By incorporating this information into an advanced statistical model, the team could build a sophisticated map of how the immune system adapts throughout pregnancy.

Next on the list is a comparable study using blood samples from women who gave birth prematurely to see whether this is accompanied by consistent changes in the immune system.

The team hopes to use this knowledge to develop a blood test that can indicate the risk of a mother going into preterm labor.

“We’re especially interested in understanding more precisely what is happening very early and very late in pregnancy,” Dr. Gaudilliere explains. “We’d like to see if there is really a switch we can catch, a sweet spot where deviation from the norm would be maximal with pathology.”

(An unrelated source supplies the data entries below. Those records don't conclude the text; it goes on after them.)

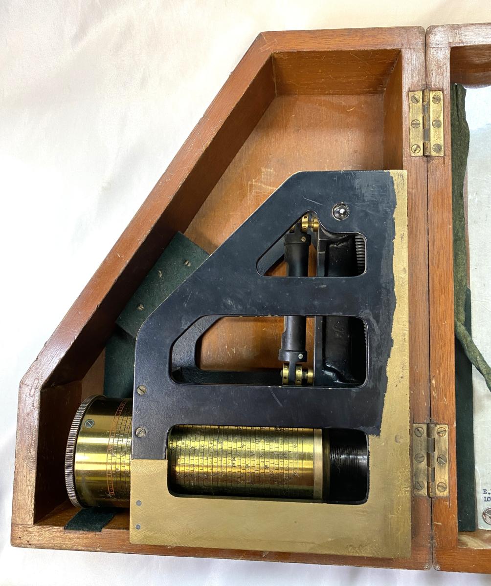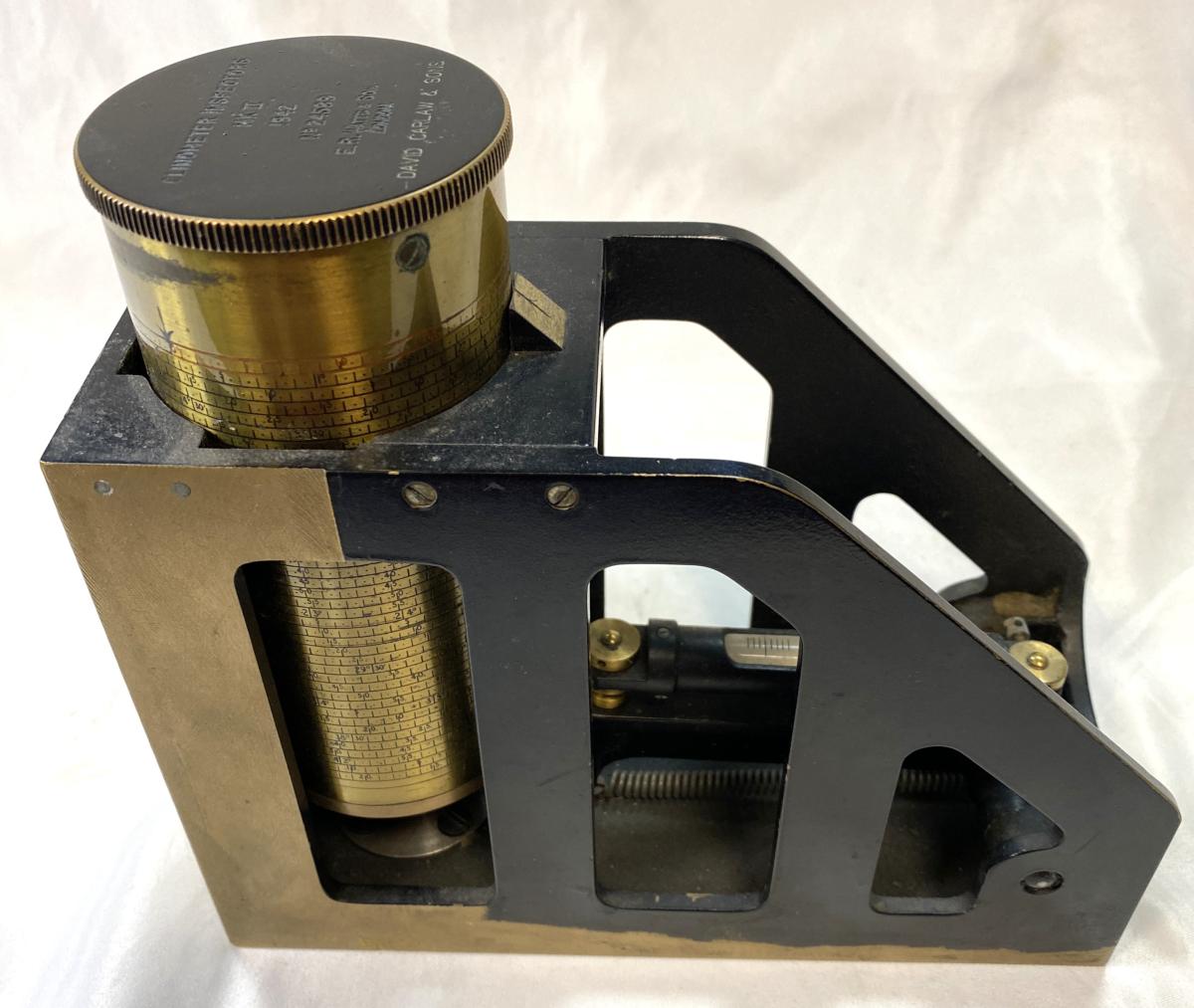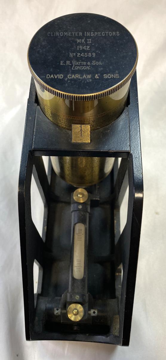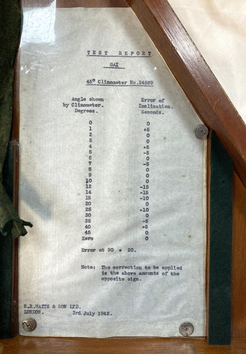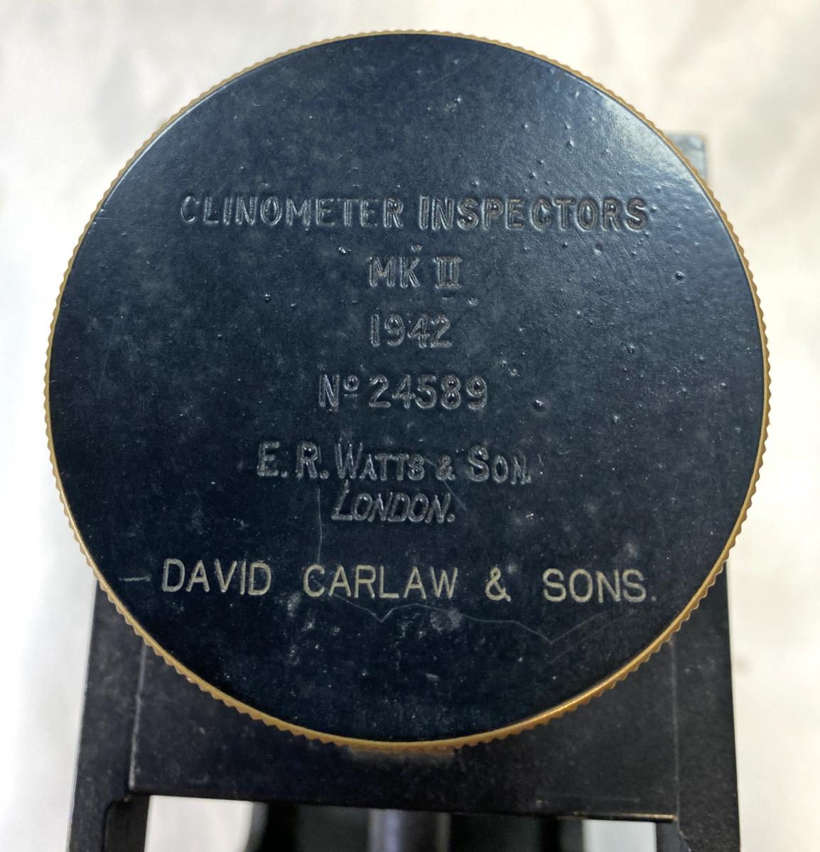 WW2 British MKII Clinometer In Transit Box: Dated 1942.Maker stamp 'E.R. WATTS & SON LONDON' with 'DAVID CARLAW & SONS' below . Used to lay the elevation of a gun barrel.
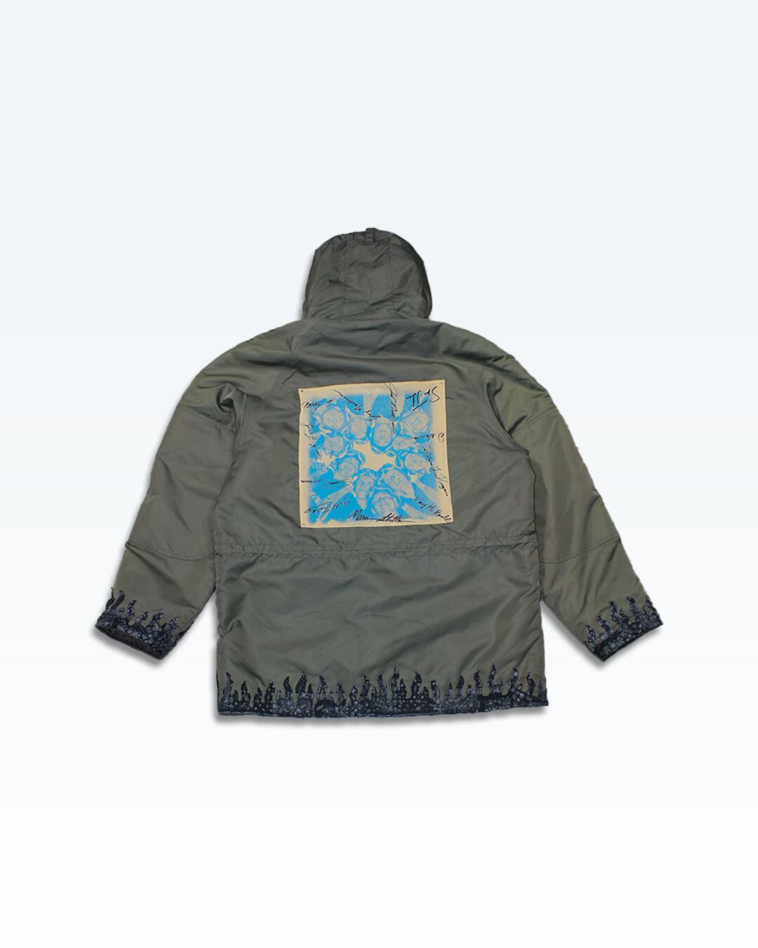 裾と袖にペイズリー調ファイヤーパターンを縫製。
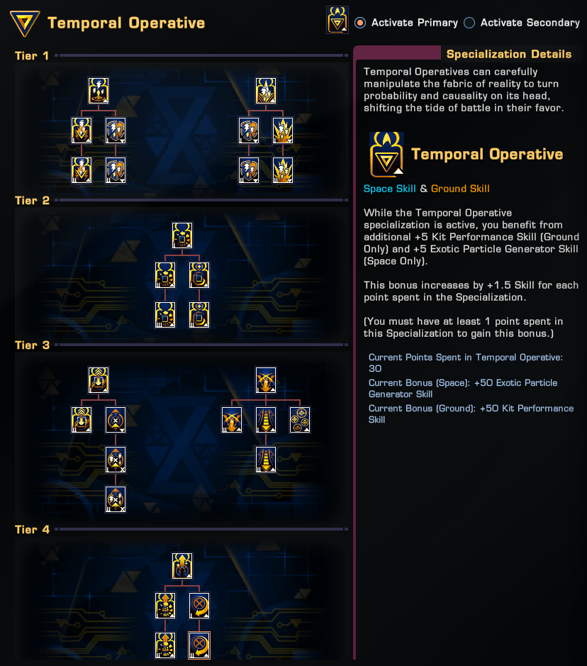 While the Temporal Operative specialization is active, you benefit from additional +5 Kit Performance Skill (Ground Only) and +5 Exotic Particle Generator Skill (Space Only).

The immune system does not act in isolation, and we’re now very interested in profiling its interplay with other aspects of mothers’ biology, such as their genetics, metabolism, and the body’s microbial communities to come up with a holistic biological clock of pregnancy.”

Lead study author Nima Aghaeepour, Ph.D.

There is plenty of evidence to suggest that a Western diet and modern lifestyle have a detrimental effect on the microbial passengers that are intricately linked to our health.

A decrease in microbial diversity has been linked to a host of medical conditions. One question that remains is whether or not this also has an effect on the immune system during pregnancy.

Does a low microbial diversity increase the risk of miscarriages or preterm delivery?

Only time will tell. What is clear, though, is that researchers are using new and innovative tools to shine the spotlight on the link between our immune system, those factors that influence it, and the health of mother and baby during and after pregnancy.